Background: While menopause results in the loss of cyclic steroid production, evidence exists for persistent, albeit reduced, ovarian androgen production. In order to continue to synthesize ovarian androgens, the steroidogenic enzymes necessary for androgen biosynthesis must be present. Few studies have selectively analysed some of the steroidogenic enzymes present in the post-menopausal ovary (PMO), and a comprehensive study of this matter has never been undertaken.

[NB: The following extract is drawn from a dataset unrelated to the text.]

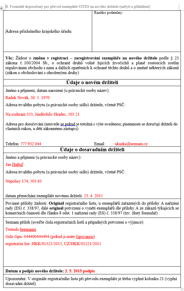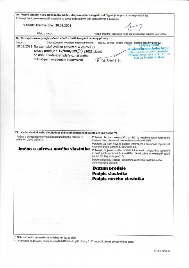 Na úřad odesíláte fyzicky všechny doklady CITES (originál) + vyplněný formulář pro převod exempláře. Můžete si udělat kopii dokladů, které si doma ponecháte pro případ, že by se doklady ztratily. Úřad vám po registraci doklady pošle poštou zpět.

Methods: RNA and protein were obtained from PMO, pre-menopausal ovarian stroma, corpora lutea (CL), ovarian follicles, placenta, and myometrium. Oligonucleotide microarray analysis was performed to compare the gene expression profiles of PMO with pre-menopausal ovarian stroma. Real-time RT-PCR was performed for LH/HCG receptor (LHCGR), steroidogenic acute regulatory (StAR), cholesterol side-chain cleavage (CYP11A), 3beta-hydroxysteroid dehydrogenase type I (HSD3B1) and type II (HSD3B2, 3betaHSD), 17a-hydroxylase (CYP17), cytochrome b5 (CytB5), and aromatase (CYP19). Western blot analysis was performed for StAR, CYP11A, CYP17,and 3betaHSD.
Results: The PMO and pre-menopausal ovarian stroma had a similar pattern of steroidogenic enzyme expression. The PMO had persistent, but reduced, levels of LHCGR and most steroidogenic enzymes. CYP19 and HSD3B2 mRNA were greatly reduced in PMO in comparison with CL (50-fold and 2000-fold less respectively). HSD3B2 was not detectable in PMO by western analysis.
Conclusions: This study supports the idea that the PMO retains some steroidogenic capacity. However, based on steroidogenic enzyme expression, the PMO has a unique pattern of steroidogenic enzyme expression that favors Delta5 steroid formation over Delta4 steroid formation.